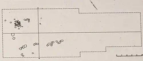 Unmittelbar nördlich hiervon wurde ein zweites Grab festgestellt. Es war ähnlich aufgebaut wie das erste, aber etwas kleiner und weniger sorgfältig ausgeführt. Es wies ebenfalls eine Bestattung in gestreckter Rückenlage mit dem Kopf im Nordwesten auf. Grabbeigaben konnten hier nicht festgestellt werden.
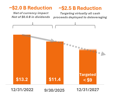 Management expects to pare down its net debt from $11.4B at end of Q3 2025 to less than $9B by end of 2027, and this goal should be easily achievable through free cash flow generation as well as another divestiture or two over the next 2 years.
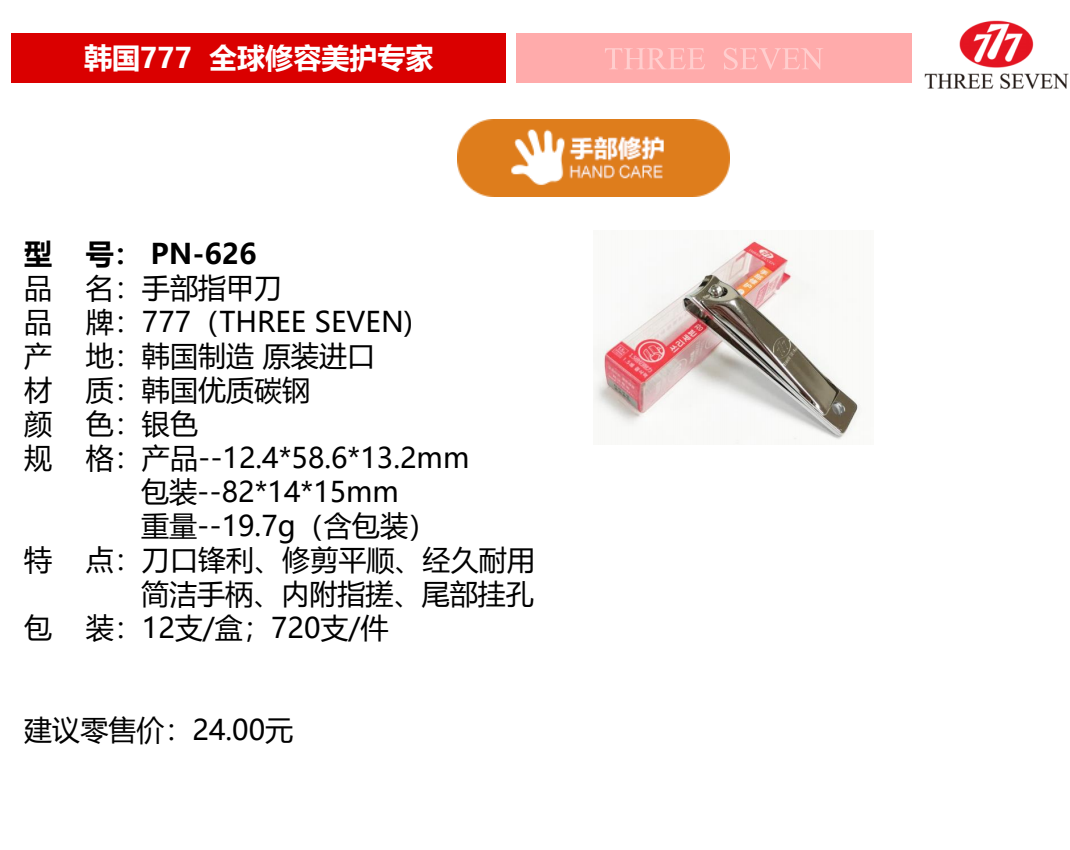 《贸》韩国777原装正品指甲刀 指甲钳指甲剪美甲工具PN-626银色
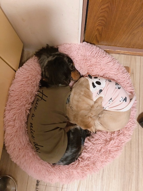 とっても仲良しのダックスちゃんコンビ。まるで”巣”にいる親子のような(笑)
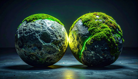 Two worlds collide in a powerful visual metaphor. On one side, a barren, lifeless rock represents a world depleted.

:::

Instructions for the task
Set down the data above verbatim, omitting every image.

Result of the task
 Unmittelbar nördlich hiervon wurde ein zweites Grab festgestellt. Es war ähnlich aufgebaut wie das erste, aber etwas kleiner und weniger sorgfältig ausgeführt. Es wies ebenfalls eine Bestattung in gestreckter Rückenlage mit dem Kopf im Nordwesten auf. Grabbeigaben konnten hier nicht festgestellt werden.
 Management expects to pare down its net debt from $11.4B at end of Q3 2025 to less than $9B by end of 2027, and this goal should be easily achievable through free cash flow generation as well as another divestiture or two over the next 2 years.
 《贸》韩国777原装正品指甲刀 指甲钳指甲剪美甲工具PN-626银色
 とっても仲良しのダックスちゃんコンビ。まるで”巣”にいる親子のような(笑)
 Two worlds collide in a powerful visual metaphor. On one side, a barren, lifeless rock represents a world depleted.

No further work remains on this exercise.